Sooooooo…….

 What is it… I’m doing here?

It’s hard to say.

I don’t mean that I am unsure what I am doing.  I’m pretty clear in my purpose. It’s just difficult for me to articulate, because what I am up to here is more intuitive than rational.  I have this sense that there is something important to learn about what it means to do a thing well – and how people come to do their thing well – which inheres in stories of striving after excellence in mundane endeavors.  So I am going to write some of those stories to see if I can figure out what I think.  

There are several things I strive to do well: music, cooking, mechanicing, making stuff, teaching, writing… so those are the kinds of stories that are likely to show up here.  It is not the content of the stories that matters (to me) though.  I am after an understanding of what underlies them.  I want to know about approaching an endeavor as a craftsperson.  I am convinced that craftwork is at the core of being human – and because it is, most of us don’t notice when we are doing it – and aren’t noticed for it.  It is the ordinary, everyday experience of doing things well for the sake of doing well the things we find important.  And part of what makes us each unique is the particular set of things that matter enough for us to do well – regardless what anyone else thinks.

In writing this stuff, I am working my writing craft as a way to both get better at it and to better understand the nature of all craft.  I suppose I am hoping to tell mundane stories interestingly, in order to better understand the ordinary human experience of doing good work. 

I can’t imagine that makes sense at this point.  But if I accomplish my goal here, it will.

In fairness, I haven’t worked out whether I am just copying my friend Adam, because I love the way he renders authentic, day-to-day learning that is so central to being human (or horse).  I think my different contexts can illuminate complementary parts of the scene.  But even if I don’t add new insights by capturing stories in my own contexts, I do need to get back into shape as a writer.   Too much time spent on a rich diet of reading other people’s ideas, without enough working out my own has left me sluggish and lacking momentum.  

Sooooooo….

here goes.

>>>>>>>>>>>>>>>>>>>>>>>>>>>>>>

A Note about the title:  

We all have complex histories with loved ones.  And, as much as I loved my mom, few things irritated me more than when she started a question with “Soooooooo…”  It was a signal.  She was about to ask a question that was going to piss me off.   I knew her for almost 4 decades, so I knew perfectly well, she was either uncomfortable and trying to fill silence – or she didn’t have even the beginning of the background to understand an answer to the question she was about to ask.  If it was the former, the question that was about to come was going to be inane and she wasn’t actually interested in the answer – meaning she wasn’t really going to listen to the answer, and would likely end up asking the same question to fill some future silence as well.  If the latter, then a seemingly endless string of questions was about to commence – as from someone who had walked in during the climax of a movie and wanted to be caught up from the beginning (which she did habitually as well).

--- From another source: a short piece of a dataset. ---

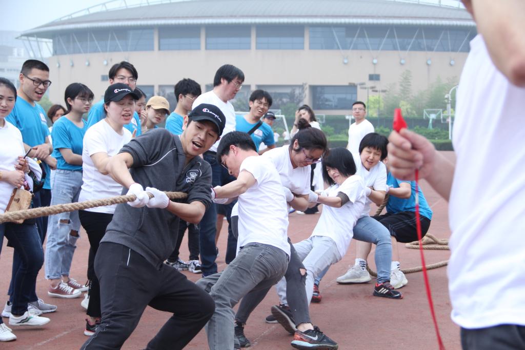 本次师生趣味运动会涉及拔河、“八人九足”、压气球、跳麻袋接力等项目,以分组形式进行,按积分评奖。活动尚未开始,参赛师生便已摩拳擦掌、跃跃欲试。拔河比赛一经展开,就吸引了来往同学驻足观看。各组师生相互鼓劲,齐心呐喊,共同发力,参赛选手总结出的“重心低、节奏齐、下手狠”的拔河技巧更是赢得了观众的阵阵欢呼与喝彩。接下来的“八人九足”更是将此次师生趣味运动会推向高潮,呐喊声、掌声、笑声、获胜者的欢呼声此起彼伏。压气球比赛中,师生们齐心协力、争分夺秒,用行动诠释了商贸师生团结一致、奋发有为的体育精神……在恣意挥洒激情与快乐的赛场上,在有趣而激烈的角逐下,师生们充分享受着比赛带来的愉悦与轻松。
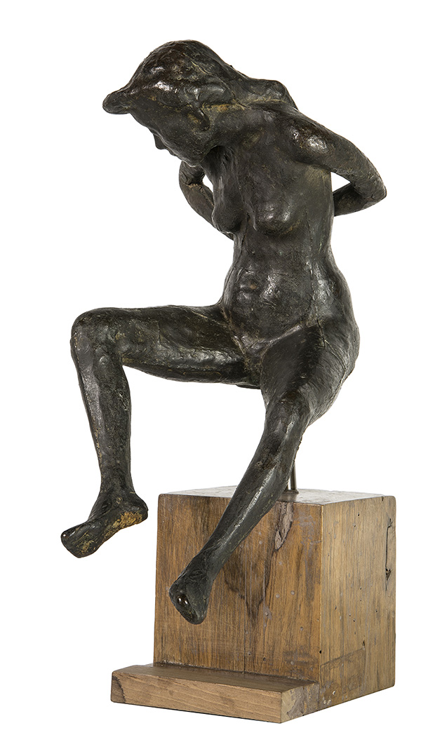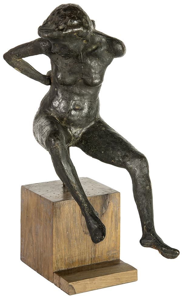 OSCAR GALLO, Nudino seduto, 1949, Scultura in bronzo, h. 35 cm (complessivi), Etichetta sotto la base di Onofri & Rumbo S. S.r.l. Autentica su foto del figlio dell’Artista

Honestly, it should not have been a big deal.  There was nothing wrong with the questions, or the making of conversation.  But it’s part of that complex history that entails me having been around her a whole bunch while I was a teenager: it was a thing that somehow activated that vestigial petulance, so immediately got under my skin – for entirely irrational reasons.

In any case, a couple of years ago, I was listening to a recording of myself conducting an interview… and you can imagine my horror as I realized I started every question with  “Soooooo…”   Every.  Damned. Question.

Shit.

I’d become my mom.  

Soooooo, I’ve decided I may as well own it.   Because, here’s the thing about those complex family histories: of all the people I hope to emulate, there is absolutely no one else I’d rather be.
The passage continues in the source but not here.